What’s in a cup? Black-brown from Brazil it steams in a white porcelain mug. On a cold winter Saturday morning I sit quietly with the snow on the other side of the window and a bit of Miles Davis wafting out of the MacBook Pro with the warmth of the ceramic filled with coffee. There have been studies showing how holding a warm cup can actually affect our psychology. When we hold a cup of coffee or tea, the mere warmth and comfort can make us just that much warmer in our interactions with others. For me the sense of stillness and observation that I feel each morning with my mug full, is, well, meditational.
This black and white (or brown and white) is minimal. A clear simple circle of dark within a field of white. The circle is simplicity that bends back on itself. Liquid warmth is a crushed bean risen from the earth steeped in the picture of the minimalism of Lao Tzu, water. The water course way. Water seeking the low rather than the high. Earth, water, fire, basic elements of life held within earth, water, and fire again as ceramic. These elements flow and return in my hand, the container and the contained.
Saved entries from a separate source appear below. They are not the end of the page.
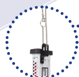
Pocket Chain With Trigger Snap for Limb Modules PN 067005-000
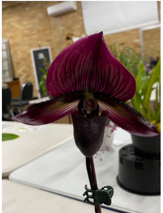
Paph. Gael X Lowre winceanum
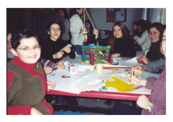
Fig.2. Doing group work and providing the preparation of

Often I tumble down the stairs and blindly slap the button on the coffee maker in the dark. When I return from the shower, a bit warmer, I slide into my comfy chair by the window under the wooden Buddha that sits mid-window, with a full cup. I curl a bit and rest the mug, still wrapped with my right hand, on my chest so that I can feel the warming nature of the earthen clay seep into the bones of my breast plate. Slowly the mind wakens with the graying of the sky from black, restful, pondering the scent of the Fair-trade Brazilian fresh ground, or the shape of the steam rising in the still cool room. Nothing has started yet. Nothing may ever start again.